# What's a good brewer?



## PPapa (Oct 24, 2015)

Before I got into espresso, I was really enjoying brewed coffee. Then the gooseneck kettle broke, got an espresso grinder and brewed coffee was kind of forgotten - it's just a mean to get coffee at work or when being out and about. I'd like to get back to it, but would prefer an automated brewer. One cup is enough.

What's the best? Brehmor, Technivorm, Wilfa?


----------



## ashcroc (Oct 28, 2016)

PPapa said:


> Before I got into espresso, I was really enjoying brewed coffee. Then the gooseneck kettle broke, got an espresso grinder and brewed coffee was kind of forgotten - it's just a mean to get coffee at work or when being out and about. I'd like to get back to it, but would prefer an automated brewer. One cup is enough.
> 
> What's the best? Brehmor, Technivorm, Wilfa?


Have you seen this one in the for sale section?


----------



## PPapa (Oct 24, 2015)

ashcroc said:


> Have you seen this one in the for sale section?


I did - and it's taken now! I didn't realise Wilfa Svart Precision is £400+, so there doesn't seem to be much else in the market.


----------



## ashcroc (Oct 28, 2016)

PPapa said:


> I did - and it's taken now! I didn't realise Wilfa Svart Precision is £400+, so there doesn't seem to be much else in the market.


That's a pity though I'm not surprised it didn't last long.

Hasbean have them for £150 which is half the price of this automatic chemex so not bad value!


----------



## Iris (Oct 29, 2018)

Have you considered the clever dripper, great if you just want 1 cup, cheap portable and simple to use and clean.


----------



## the_partisan (Feb 29, 2016)

What volume do you mean by 1 cup? I don't think any of these brewers will work optimally for


----------



## MWJB (Feb 28, 2012)

Technivorm do a 1 cup brewer.

For a semi auto brewer, I use an OXO pourover tank with a Kalita 185 in steel & 155 papers. I use a regular kettle that boils just the water I need, that I weigh out into the kettle (+5g to allow for evaporation). Quicker than a Clever.
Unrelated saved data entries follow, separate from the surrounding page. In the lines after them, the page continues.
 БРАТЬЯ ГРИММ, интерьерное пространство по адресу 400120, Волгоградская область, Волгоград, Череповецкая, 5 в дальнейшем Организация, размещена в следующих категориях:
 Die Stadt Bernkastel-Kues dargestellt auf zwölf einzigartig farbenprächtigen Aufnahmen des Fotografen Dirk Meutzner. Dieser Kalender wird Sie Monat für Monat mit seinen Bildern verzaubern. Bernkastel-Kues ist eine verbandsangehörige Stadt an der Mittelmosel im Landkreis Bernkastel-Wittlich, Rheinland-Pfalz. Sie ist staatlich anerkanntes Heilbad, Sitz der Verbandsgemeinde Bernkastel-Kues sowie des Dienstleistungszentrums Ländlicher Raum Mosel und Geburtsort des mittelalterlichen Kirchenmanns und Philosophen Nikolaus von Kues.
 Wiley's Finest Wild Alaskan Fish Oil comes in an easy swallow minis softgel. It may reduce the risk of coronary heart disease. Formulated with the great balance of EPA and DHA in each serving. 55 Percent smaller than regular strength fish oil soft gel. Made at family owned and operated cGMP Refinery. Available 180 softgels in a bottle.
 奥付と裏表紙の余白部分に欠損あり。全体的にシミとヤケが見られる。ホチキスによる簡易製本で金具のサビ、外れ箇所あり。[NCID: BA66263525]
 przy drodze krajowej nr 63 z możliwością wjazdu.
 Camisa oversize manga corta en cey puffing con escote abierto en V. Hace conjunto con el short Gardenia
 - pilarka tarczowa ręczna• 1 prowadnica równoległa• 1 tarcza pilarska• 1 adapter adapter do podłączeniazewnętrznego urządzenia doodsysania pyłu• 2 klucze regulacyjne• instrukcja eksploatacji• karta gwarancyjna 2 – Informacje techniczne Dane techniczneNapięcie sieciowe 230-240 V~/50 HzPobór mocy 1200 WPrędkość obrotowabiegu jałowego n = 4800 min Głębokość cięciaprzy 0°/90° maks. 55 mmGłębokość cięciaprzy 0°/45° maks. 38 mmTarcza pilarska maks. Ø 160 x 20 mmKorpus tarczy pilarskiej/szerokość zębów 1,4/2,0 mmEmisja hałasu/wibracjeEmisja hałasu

You could use the OXO pourover as it comes, but I'm not yet sure that it works without a degree of intervention.


----------



## PPapa (Oct 24, 2015)

the_partisan said:


> What volume do you mean by 1 cup? I don't think any of these brewers will work optimally for
> 
> Something around 300-350ml, I'd think.
> 
> ...


----------



## the_partisan (Feb 29, 2016)

For example the preinfusion feature in Behmor isn't smart enough to figure out what brew size you are making, so it will do it based on a % of the full batch size so if you only have 300ml water in there it will use more than half for pre-infusion. Most of these auto-drip brewers work best with the full batch. I think the new Sage Precision brewer is supposed to be a bit smarter and figure out how much water you have? I'm not 100% though.

Yes I forgot about the Technivorm 1 cup brewer but have no experience with it.


----------



## PPapa (Oct 24, 2015)

the_partisan said:


> For example the preinfusion feature in Behmor isn't smart enough to figure out what brew size you are making, so it will do it based on a % of the full batch size so if you only have 300ml water in there it will use more than half for pre-infusion. Most of these auto-drip brewers work best with the full batch. I think the new Sage Precision brewer is supposed to be a bit smarter and figure out how much water you have? I'm not 100% though.
> 
> Yes I forgot about the Technivorm 1 cup brewer but have no experience with it.


Ah, good point! Technivorm might be a better call then, although it looks a bit too simple if I ever want to go back and mess with timings, temperature, etc!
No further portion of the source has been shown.